The Oregon medical examiner’s office has not yet released a cause of death, preferring to wait for toxicology results, Gunson said.

One of a few
Oregon is one of a handful of states that have coroners or medical examiners funded by a law-enforcement agency. Oregon’s office has a budget of $4.2 million, which pays for four forensic pathologists, two medical transcriptionists, one morgue attendant and one administrator. The state medical examiner, Gunson, also appoints deputy medical examiners in larger Oregon counties who are paid by the local county government. The deputies are generally not involved in suspicious, controversial or police-involved deaths.

Of 30,000 deaths a year in Oregon, the state medical examiner’s office investigates and signs death certificates for about 3,600, Gray said.

Grant’s is one of those.

Spencer Neal, a lawyer with a long record of suing Portland cops, said a medical examiner’s finding that the Taser is at fault would likely affect liability for the Police Bureau.

“That’s certainly going to be helpful” for anyone suing over a Taser-related death, he said.

But he said he was confident in the integrity of the medical examiner’s office.

“My limited experience with the M.E.s is you can’t buy them off,” he said.

Beyond the issues surrounding the medical examiner, however, is Taser International.

About 165 police agencies in Oregon supply their officers with Tasers, Tuttle wrote in his e-mail, as do some 8,750 agencies worldwide.

The company sued Roland Kohr, an Indiana regional medical examiner, in 2004, after he appeared on CBS’ “The Early Show” to discuss an autopsy in which Kohr considered the Taser to be a contributing cause of death.

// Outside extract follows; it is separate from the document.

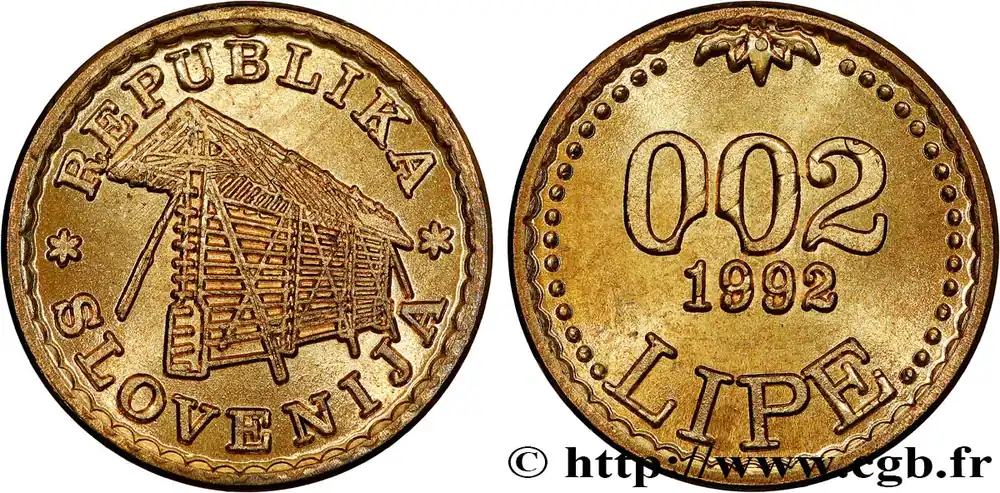 Type : 0,02 Lipe (monnaie non adoptée)Date : 1992Quantité frappée : -Métal : laitonDiamètre : 18,40 mmAxe des coins : 12 h.Tranche : lisseRéférence ouvrage :UNWCTn5 AversTitulature avers : REPUBLIKA // SLOVENIA.Description avers : Séchoir à maïs.ReversTitulature revers : 002 / 1992 / LIPE.Description revers : sur trois lignes dans le champ.CommentaireLe projet d’une monnaie slovène, le Lipa (tilleul en langue slovène), a été initiée en 1989 par le Dr. Bogdan Oblak-Hamurabi dès les prémices de l’éclatement de la Fédération Yougoslave. En 1991, la nouvelle monnaie slovène adopte le nom de Tolar (thaler en langue slovène) qui entrera en circulation en 1992.Le Lipa n’a jamais été adoptée et n’a donc pas de caractère officiel. Certaines de ces monnaies auraient été frappées sur des monnaies yougoslaves de 10 para 1990.HistoriqueSLOVÉNIE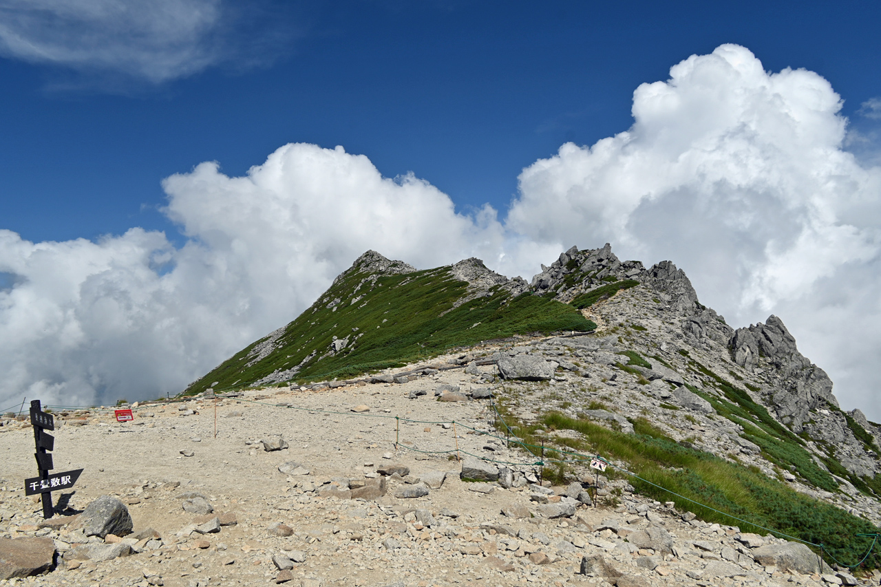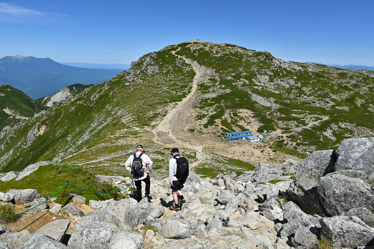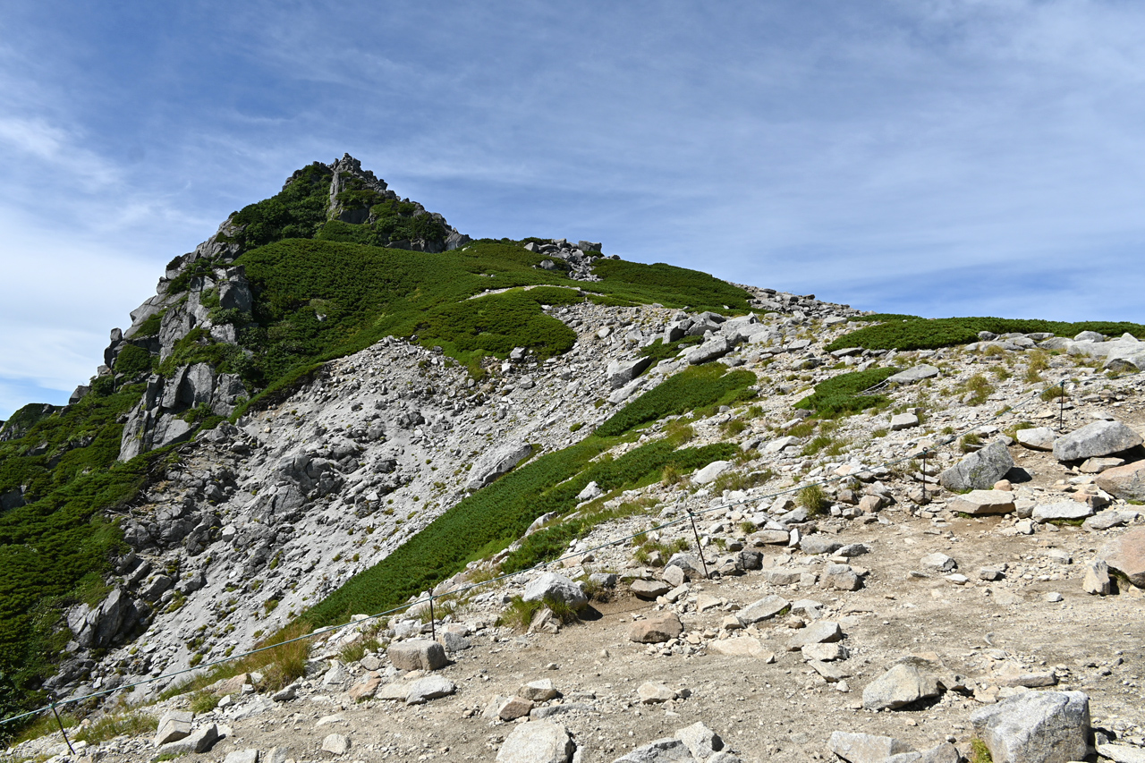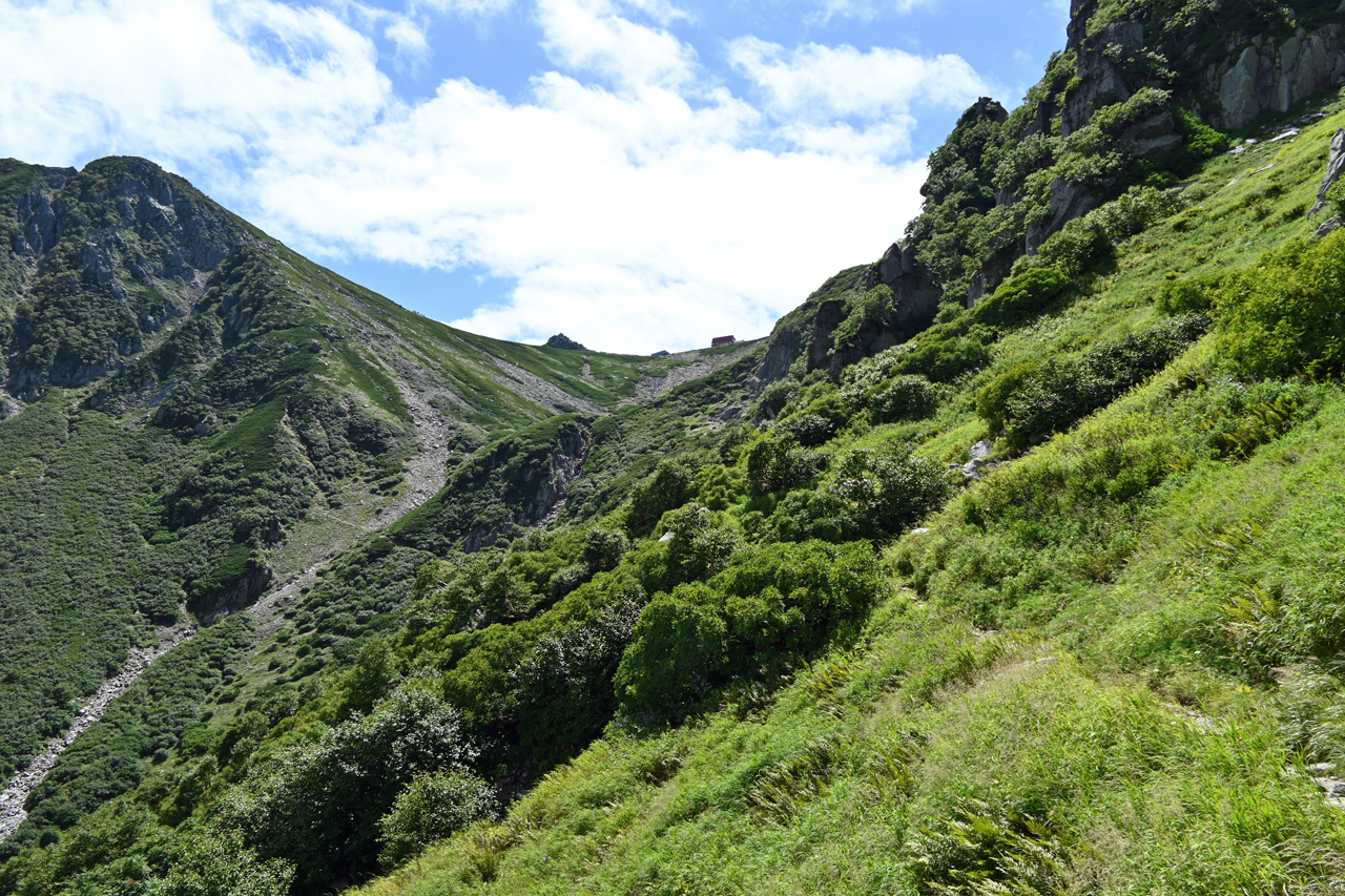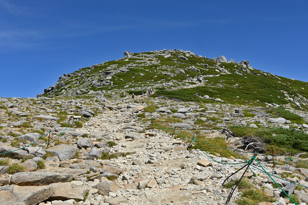 廻りこむようにして井戸岳を降りる頃には、周辺だけ急にガスが取れて大岳山頂の眺望に期待が。

“They filed suit two days before Christmas,” Kohr said. “Ho, ho, ho.”

Kohr said he felt targeted because of his ruling in that death.

“I’m nobody,” he said. “I’m out here in the middle of the country and they came after me like that. Makes you think about why they might do that.”

And Charlie Boseman, a deputy coroner in Anderson County, S.C., told the Arizona Republic newspaper in 2004 that Taser International pressured his office to reverse its ruling that a Taser contributed to a death. Company officials denied pressuring Boseman.

The Republic has documented 140 deaths following police Taser use in the United States and Canada since 1999. In Chicago in February 2005, a medical examiner reported a Taser as the primary cause of a death Ñ the first time that had happened.

Amnesty International studied 74 deaths that followed law-enforcement Taser use, finding in 2004 that only 11 of the suspects were armed and that police routinely used Tasers on people who did not or, because of mental illness, could not follow their commands.

Taser International is adamant that its product is safe, Tuttle wrote.